Author Eugen Ruge grew up in East Berlin during the time of the Berlin Wall and lived there, working as an academic, till the age of thirty-four, leaving the East for the West a year before the Wall fell, and perhaps it is this background which has inspired him to create a main character like Peter Handke. Handke, also a man from Berlin, has lost his sense of direction, and he has decided to start over in a new country. Not as young as he seems, he is a former professor of chemical engineering with a well-paid, permanent position, one he has recently resigned in order to become a writer. He has had only minimal success since then. Handke is disconnected from those around him, a profound loss of motivation preventing him from making needed changes in his world. In another environment, he believes, he will be able to write the novel he has always dreamed of. Though his father, also a writer, considers his own work in history and philosophy to be far more important than Peter’s work (mostly light satire, to date), he nevertheless gives him some funds to help him get started in a new country. The attitude he conveys, however, leads Peter to confess that “I seemed to myself rather dull-witted,” not a happy thought for someone planning to create a new life.

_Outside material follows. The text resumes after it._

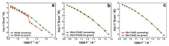 Conductivity of as-grown and as-annealed (a) 9ScSZ, (b) 9Sc0.5YbSZ, and (c) 9Sc1YbSZ crystals as a function of temperature.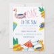 Inbjudan med strandtema för en födelsedagsfest En i solen

A novel of absurdity which sometimes borders on the bizarre, Cabo de Gata (“Cape of the Cat”) begins with Peter’s travels from Basel to Barcelona and then on to Andalusia, the southernmost region of Spain. There he meanders long the southeast coast toward Cabo de Gata, about a hundred fifty miles due east of Malaga. His arrival there does not reflect the romantic promise that Peter expects of a place described as “a breath of Africa,” just across the Mediterranean. He “remembers the wretched (pink) buildings,” finding it hard to say “whether they are still being built or already falling into ruins,” along with mended tarmac, broken paving stones, and rocks piled up, and he feels that “the whole landscape looks like a sparsely overgrown dump.” Wind blows sand into his eyes, yapping dogs surround him as he walks, and the church and a row of tiny, two-story houses show no signs of life. He is stunned, reflecting like a film director that “if I seem to myself in those long minutes like a character from a film, it may be because I keep my hat on throughout this entire scene.”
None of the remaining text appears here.